In an OpenSignal report from February, the highest average upload speed was achieved in the Netherlands, at 32.5 megabit per second. But these are actual average speeds for a single user, whereas Ericsson’s is an experimental top speed. Using massive multi-user MIMO (MU-MIMO), the speeds achieved with the addition of multiple layers are several gigahertz per second over 5G networks below 3 GHz. Ericsson, for example, managed to get there last September at top speed 5.4 gigabit per second on a 16-layer multi-user MIMO network in its Texas lab.

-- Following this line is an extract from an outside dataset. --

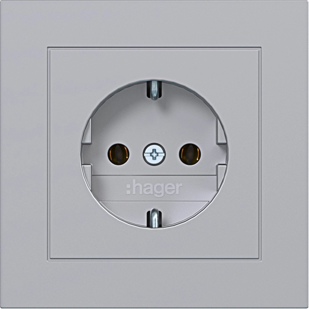 Hager Berker randaarde stopcontact met volle afdekplaat, voor afzonderlijke montage, titaan mat. Met klauwbevestiging/spreidklemmen. Incl. afdekraam A.1.
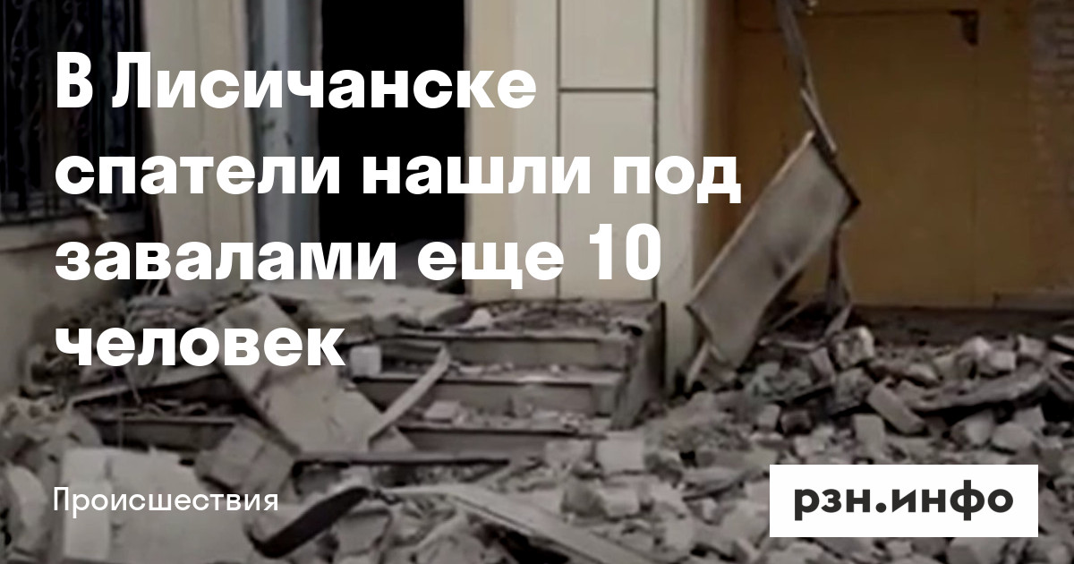 Спасатели обнаружили под завалами в Лисичанске еще 10 человек, среди них есть погибшие. Ранее в Минздраве ЛНР сообщили, что количество жертв при обстреле пекарни увеличилось до восьми.

However, the progress in the speed and coverage of 5G signals is evident, as well as the greater availability of link networks that offer MIMO technology integrated in a few chips, as the announcement made at the end of March between Samsung and Marvell Technology. , a chip designer for mobile networks. The collaboration between Marvell and Samsung has resulted in the development of an integrated subset (SoC) that manages mMIMO communications on 4G and 5G networks and offers energy savings of up to 70% and a smaller size than previous designs, according to both companies have communicated. This SoC will be integrated into Samsung’s link networks starting this quarter.